Multiple SP1 binding sites confer enhancer-independent, replication-activated transcription of HIV-1 and globin gene promoters.

作者信息

Proudfoot N J, Lee B A, Monks J

机构信息

Sir William Dunn School of Pathology, University of Oxford, United Kingdom.

出版信息

New Biol. 1992 Apr;4(4):369-81.

PMID:1622932
Abstract

We demonstrate that multiple SP1 protein:DNA binding sites confer enhancer-independent activation on the HIV-1 and globin gene promoters. This activation process can be achieved either by DNA replication of the promoter-containing plasmid or by high concentrations of input plasmid DNA used in the transfections. In the case of HIV-1, the three SP1 sites adjacent to the promoters TATA box are essential for this activation process. Furthermore, the human beta globin gene, which is normally dependent on a linked enhancer for transcriptional activity, can be made enhancer independent by insertion of SP1 binding sites adjacent to its TATA box.

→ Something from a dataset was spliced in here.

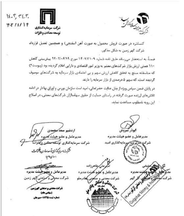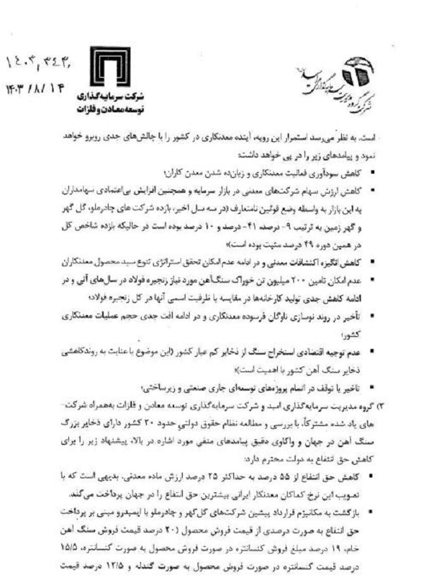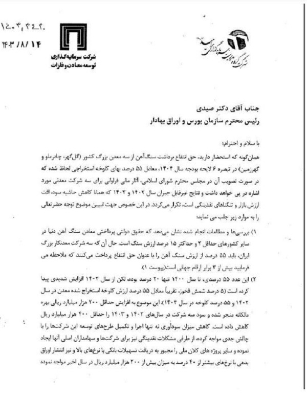 به گزارش پایگاه خبری معدن نامه، در این نامه، ابوذر سروش مدیرعامل سرمایه گذاری امید، اردشیر سعدمحمدی مدیرعامل سرمایه گذاری توسعه معادن و فلزات، ایمان عتیقی مدیرعامل گل گهر، امیرعلی طاهرزاده مدیرعامل چادرملو و محمد محیاپور مدیرعامل گهر زمین به حجت الله صیدی، رئیس سازمان بورس توضیح دادهاند که معادن سنگ آهن در ایران چندین برابر ارقام جهانی ، حقوق دولتی پرداخت می کنند که این موضوع منجر به کاهش سود این شرکتها، مشکل در تامین نقدینگی برای پروژه های ملی و افزایش بی اعتمادی سهامداران به بازار سرمایه شده است.

We speculate that (SP1)n-TATA type RNA polymerase II promoters may be generally permissive when present on actively replicating DNA templates and that this property of the HIV-1 promoter may be of importance to the activation of the DNA provirus in latently infected T cells.

摘要

我们证明多个SP1蛋白与DNA的结合位点可赋予HIV-1和珠蛋白基因启动子不依赖增强子的激活作用。这种激活过程可以通过含启动子质粒的DNA复制或转染中使用的高浓度输入质粒DNA来实现。对于HIV-1,启动子TATA框附近的三个SP1位点对于该激活过程至关重要。此外,通常依赖于相连增强子进行转录活性的人β珠蛋白基因,可通过在其TATA框附近插入SP1结合位点而变得不依赖增强子。我们推测,当存在于活跃复制的DNA模板上时,(SP1)n-TATA型RNA聚合酶II启动子可能普遍具有易感性,并且HIV-1启动子的这一特性可能对潜伏感染的T细胞中DNA原病毒的激活具有重要意义。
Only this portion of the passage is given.